• Data for the task:
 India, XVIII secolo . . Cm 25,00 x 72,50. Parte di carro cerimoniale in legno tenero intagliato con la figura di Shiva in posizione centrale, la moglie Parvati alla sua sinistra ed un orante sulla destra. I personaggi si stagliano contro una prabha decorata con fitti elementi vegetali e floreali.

---

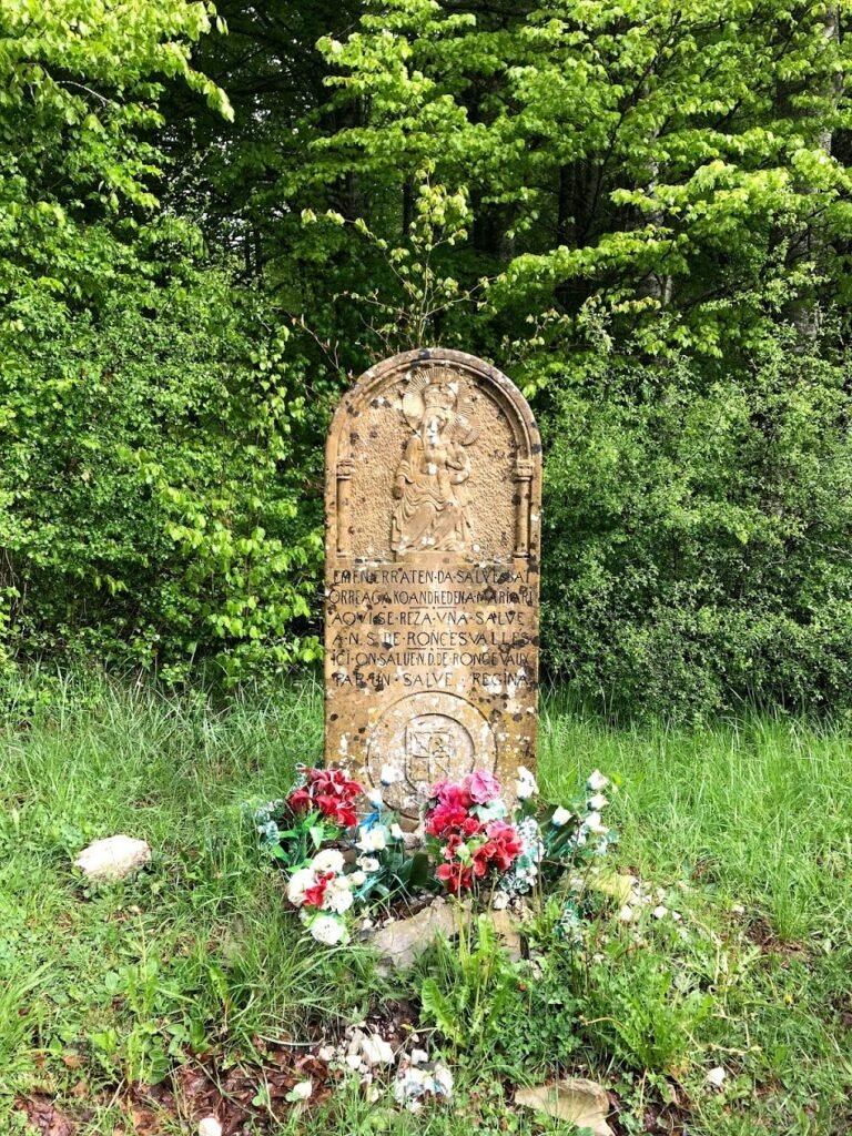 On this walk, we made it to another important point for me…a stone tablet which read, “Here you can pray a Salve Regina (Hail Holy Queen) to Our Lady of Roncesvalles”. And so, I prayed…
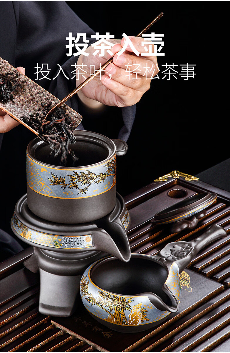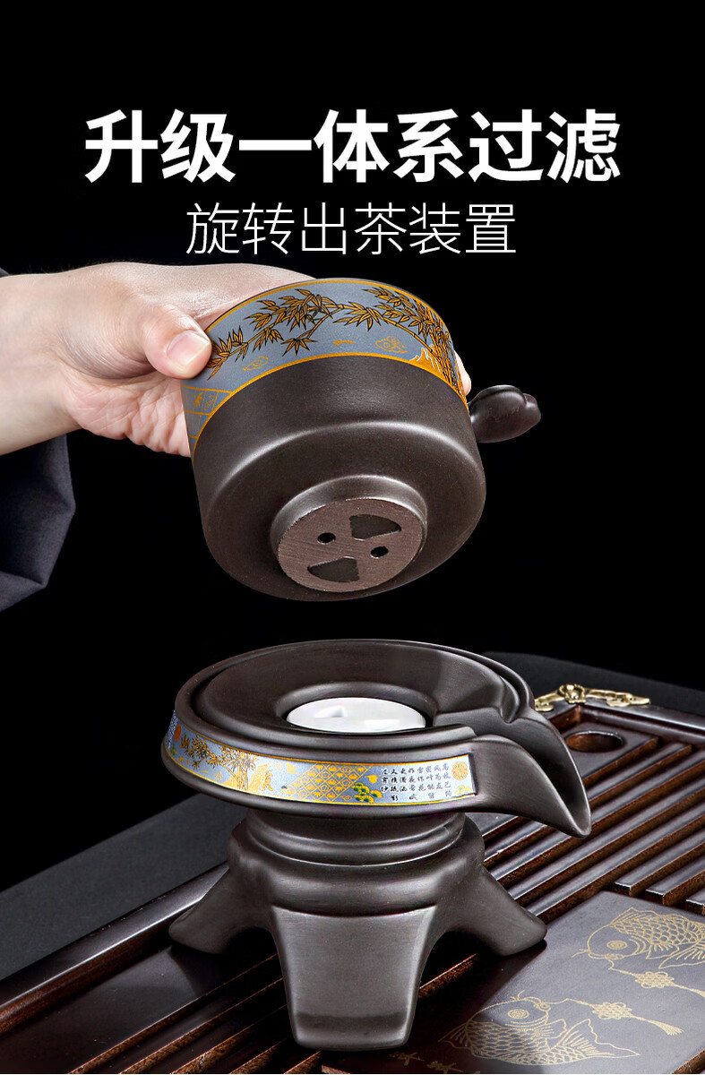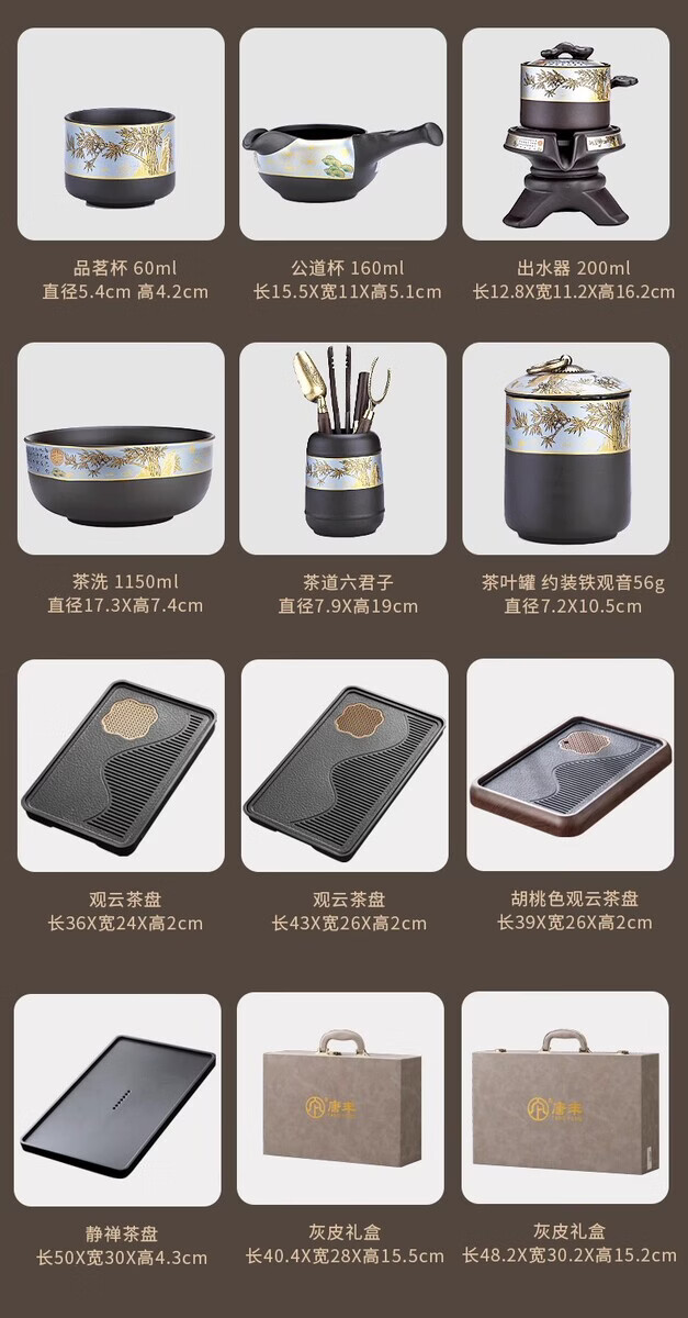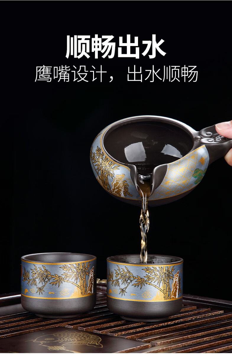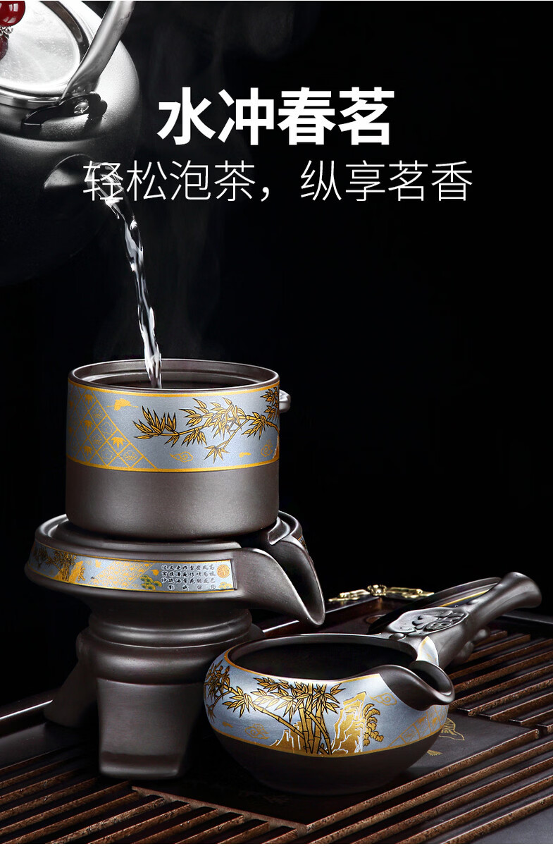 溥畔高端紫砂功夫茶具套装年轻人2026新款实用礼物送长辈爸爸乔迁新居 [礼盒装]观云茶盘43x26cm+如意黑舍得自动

• Brief:
Print everything from the line with "On this walk, we" down to the line with "溥畔高端紫砂功夫茶具套装年轻" in the entries above, both lines included and nothing more, without the pictures.

• Response below:
 On this walk, we made it to another important point for me…a stone tablet which read, “Here you can pray a Salve Regina (Hail Holy Queen) to Our Lady of Roncesvalles”. And so, I prayed…
 溥畔高端紫砂功夫茶具套装年轻人2026新款实用礼物送长辈爸爸乔迁新居 [礼盒装]观云茶盘43x26cm+如意黑舍得自动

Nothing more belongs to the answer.